§ DATA SUPPLIED:

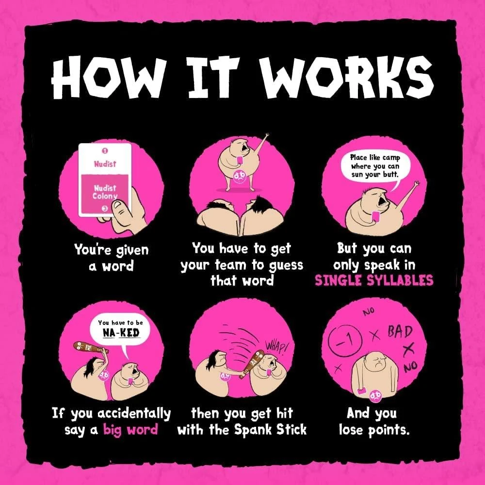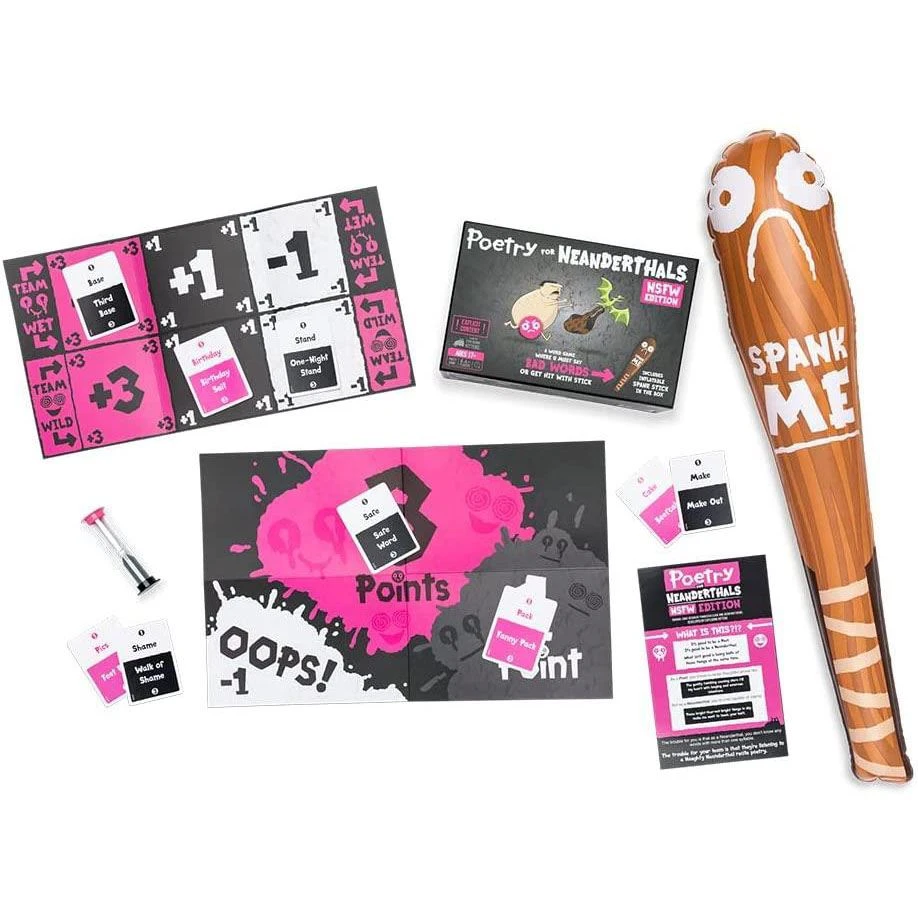 Poetry for Neanderthals: NSFW Edition is an adult party game similar to Taboo where players earn points by getting their teammates to guess words and phrases. The catch is that they are only allowed to use single syllable words. Enjoy getting grandma to guess phrases like “nudist beach,” “mile high club” or “banana hammock,” but be careful. If you use any words with more than one syllable, the other team gets to spank you with the 2-foot inflatable Spank Stick. But maybe that’s not such a bad thing?
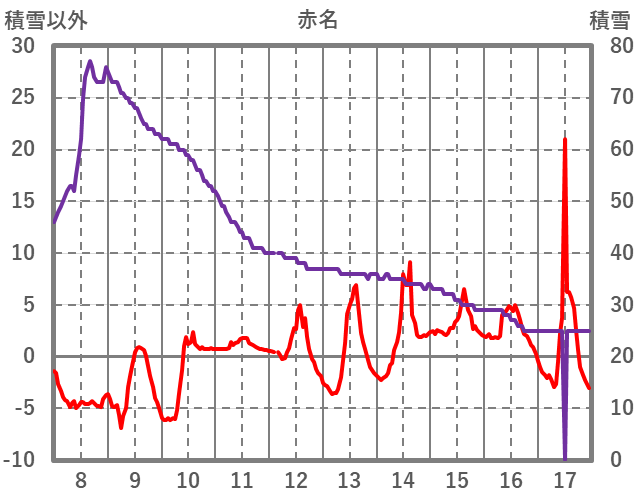 | 日 | 時 | 気温 | 降水 | 風向/風速 | 日照 | 積雪 | 降雪 |
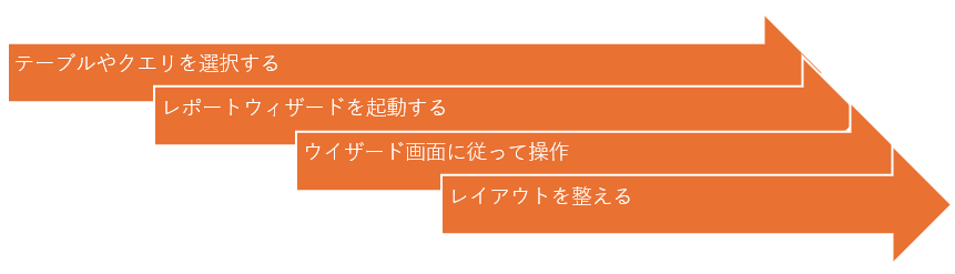 最も手軽なのは、ウイザード画面を使う「レポートウィザード」です。
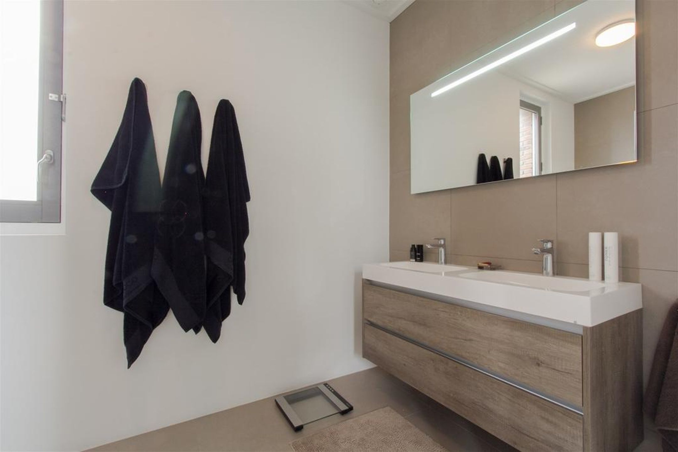 Verdieping: Over de open hardhouten trap in de living bereikt u overloop op de verdieping. Hier is een tussendeur geplaatst naar de corridor om eventueel een te veel aan geluid vanaf beneden te weren. Vanuit de bouw is de verdieping verlengd wat duidelijk zichtbaar is door de grotere ontstane ruimte in de slaapkamers en wasruimte. De hoog oplopende plafonds geven de verschillende vertrekken een extra ruimtelijk effect en tevens is de verdieping voorzien van een airco installatie. Vanuit de corridor heeft u toegang tot drie in grootte variërende slaapkamers, een ruime praktische wasruimte en de badkamer. De badkamer is modern ingericht en uitgevoerd met een ruime inloopdouche met hardglazen wand, thermostaatkraan, hand- en regendouche, Een breed wasmeubel met twee geïntegreerde waskommen en twee brede lades, een brede spiegel met geïntegreerde verlichting en een vrij hangend closet met inbouw reservoir. Het raam voorziet in wenselijk daglicht en ventilatie. In de wasruimte treft u extra bergruimte alsmede de unit van de mechanische ventilatie en de INTERGAS HRE cv-ketel uit 2015.
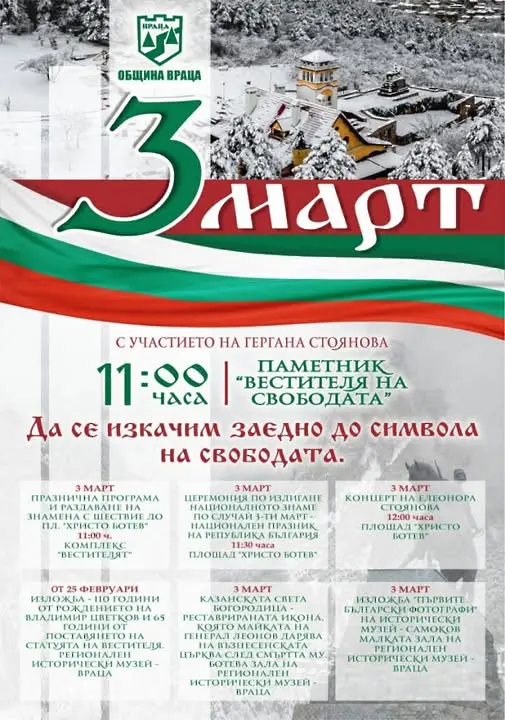 На 3 март Община Враца кани жителите и гостите на града да се включат в тържественото честване на националния ни празник.
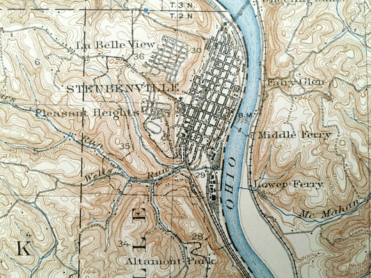 Antique Steubenville, Ohio 1904 US Geological Survey Topographic Map – Knox, Island Creek, Wells, La Belle View, Toronto, Panhandle, OH WV
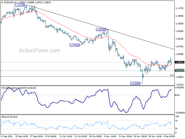 EUR/USD’s rebound from 1.0330 short term bottom extended higher last week. Initial bias is mildly on the upside this week for further rise to 55 D EMA (now at 1.0729). But strong resistance could be seen there to limit upside. On the downside, break of 1.0471 minor support will turn bias to the downside for retesting 1.0330 low. Firm break of 1.0330 will resumed the decline from 1.1213, and sustained trading below 1.0404 key fibonacci level will carry larger bearish implication.
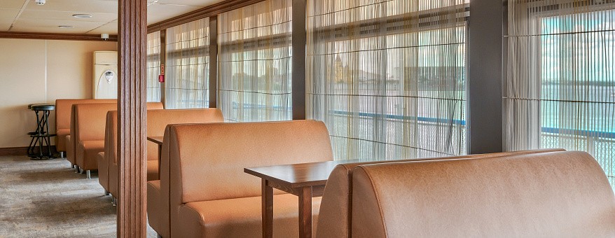 Вас ждут комфортабельные каюты, оснащённые санузлом с душевой, кондиционером, а также холодильником, телевизором и феном в каютах класса «Люкс» и «Евролюкс». Помимо обширного каютного фонда, теплоход «Семен Буденный» предлагает большое количество уютных мест для отдыха. В атмосферных барах и гостеприимных ресторанах на теплоходе вас ждёт тёплый приём, расслабляющая обстановка и потрясающие панорамные виды.
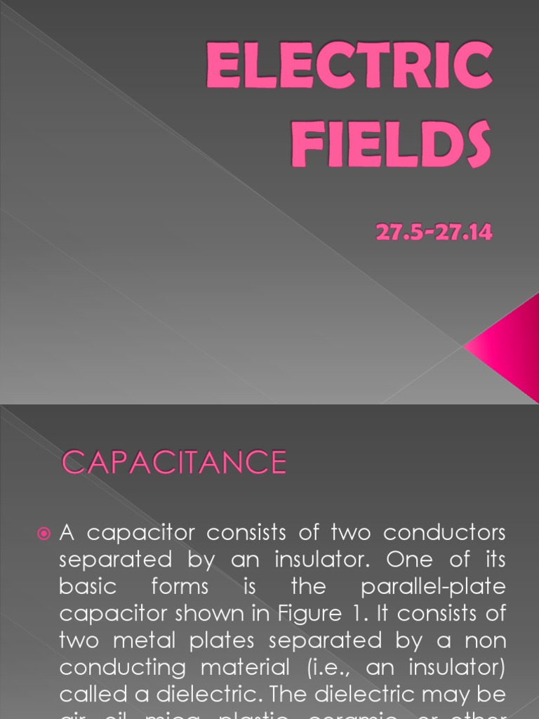 Electric Flux: Electric fields are force fields that exist in the region surrounding charged bodies. Some familiarity with electric fields is necessary to understand dielectrics and their effect on capacitance. We now look briefly at the key ideas. Consider Figure 8(a). The region where this force exists is called an electric field. To visualize this field, we use Faradays field concept. The direction of the field is defined as the direction of force on a positive charge. It is therefore directed outward from the positive charge and inward toward the negative charge as shown. Field lines never cross, and the density of the lines indicates the strength of the field; i.e., the more dense the lines, the stronger the field. Figure 8(b) shows the field of a parallel-plate capacitor. In this case, the field is uniform across the gap, with some fringing near its edges. Electric flux lines are represented by the Greek letter w (psi).
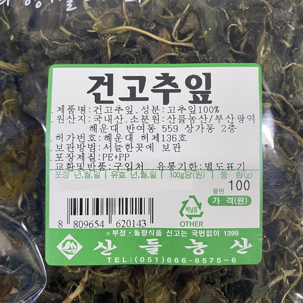 | 품목 또는 명칭 | 건고추잎·100g(국내산)/산들농산 |
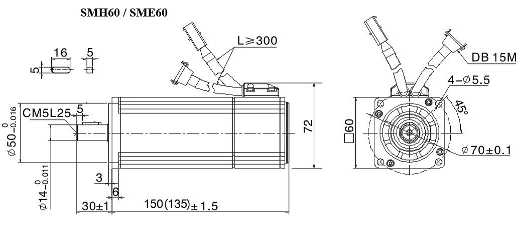 Серводвигатель SMH60 и SME60 , SMH60-B и SME60-B Номинальная мощность - 400 Вт Момент удержания - 1,39Nm

§ TASK TO COMPLETE: With the images excluded, output every record verbatim.

§ EXPECTED OUTPUT:
 Poetry for Neanderthals: NSFW Edition is an adult party game similar to Taboo where players earn points by getting their teammates to guess words and phrases. The catch is that they are only allowed to use single syllable words. Enjoy getting grandma to guess phrases like “nudist beach,” “mile high club” or “banana hammock,” but be careful. If you use any words with more than one syllable, the other team gets to spank you with the 2-foot inflatable Spank Stick. But maybe that’s not such a bad thing?
 | 日 | 時 | 気温 | 降水 | 風向/風速 | 日照 | 積雪 | 降雪 |
 最も手軽なのは、ウイザード画面を使う「レポートウィザード」です。
 Verdieping: Over de open hardhouten trap in de living bereikt u overloop op de verdieping. Hier is een tussendeur geplaatst naar de corridor om eventueel een te veel aan geluid vanaf beneden te weren. Vanuit de bouw is de verdieping verlengd wat duidelijk zichtbaar is door de grotere ontstane ruimte in de slaapkamers en wasruimte. De hoog oplopende plafonds geven de verschillende vertrekken een extra ruimtelijk effect en tevens is de verdieping voorzien van een airco installatie. Vanuit de corridor heeft u toegang tot drie in grootte variërende slaapkamers, een ruime praktische wasruimte en de badkamer. De badkamer is modern ingericht en uitgevoerd met een ruime inloopdouche met hardglazen wand, thermostaatkraan, hand- en regendouche, Een breed wasmeubel met twee geïntegreerde waskommen en twee brede lades, een brede spiegel met geïntegreerde verlichting en een vrij hangend closet met inbouw reservoir. Het raam voorziet in wenselijk daglicht en ventilatie. In de wasruimte treft u extra bergruimte alsmede de unit van de mechanische ventilatie en de INTERGAS HRE cv-ketel uit 2015.
 На 3 март Община Враца кани жителите и гостите на града да се включат в тържественото честване на националния ни празник.
 Antique Steubenville, Ohio 1904 US Geological Survey Topographic Map – Knox, Island Creek, Wells, La Belle View, Toronto, Panhandle, OH WV
 EUR/USD’s rebound from 1.0330 short term bottom extended higher last week. Initial bias is mildly on the upside this week for further rise to 55 D EMA (now at 1.0729). But strong resistance could be seen there to limit upside. On the downside, break of 1.0471 minor support will turn bias to the downside for retesting 1.0330 low. Firm break of 1.0330 will resumed the decline from 1.1213, and sustained trading below 1.0404 key fibonacci level will carry larger bearish implication.
 Вас ждут комфортабельные каюты, оснащённые санузлом с душевой, кондиционером, а также холодильником, телевизором и феном в каютах класса «Люкс» и «Евролюкс». Помимо обширного каютного фонда, теплоход «Семен Буденный» предлагает большое количество уютных мест для отдыха. В атмосферных барах и гостеприимных ресторанах на теплоходе вас ждёт тёплый приём, расслабляющая обстановка и потрясающие панорамные виды.
 Electric Flux: Electric fields are force fields that exist in the region surrounding charged bodies. Some familiarity with electric fields is necessary to understand dielectrics and their effect on capacitance. We now look briefly at the key ideas. Consider Figure 8(a). The region where this force exists is called an electric field. To visualize this field, we use Faradays field concept. The direction of the field is defined as the direction of force on a positive charge. It is therefore directed outward from the positive charge and inward toward the negative charge as shown. Field lines never cross, and the density of the lines indicates the strength of the field; i.e., the more dense the lines, the stronger the field. Figure 8(b) shows the field of a parallel-plate capacitor. In this case, the field is uniform across the gap, with some fringing near its edges. Electric flux lines are represented by the Greek letter w (psi).
 | 품목 또는 명칭 | 건고추잎·100g(국내산)/산들농산 |
 Серводвигатель SMH60 и SME60 , SMH60-B и SME60-B Номинальная мощность - 400 Вт Момент удержания - 1,39Nm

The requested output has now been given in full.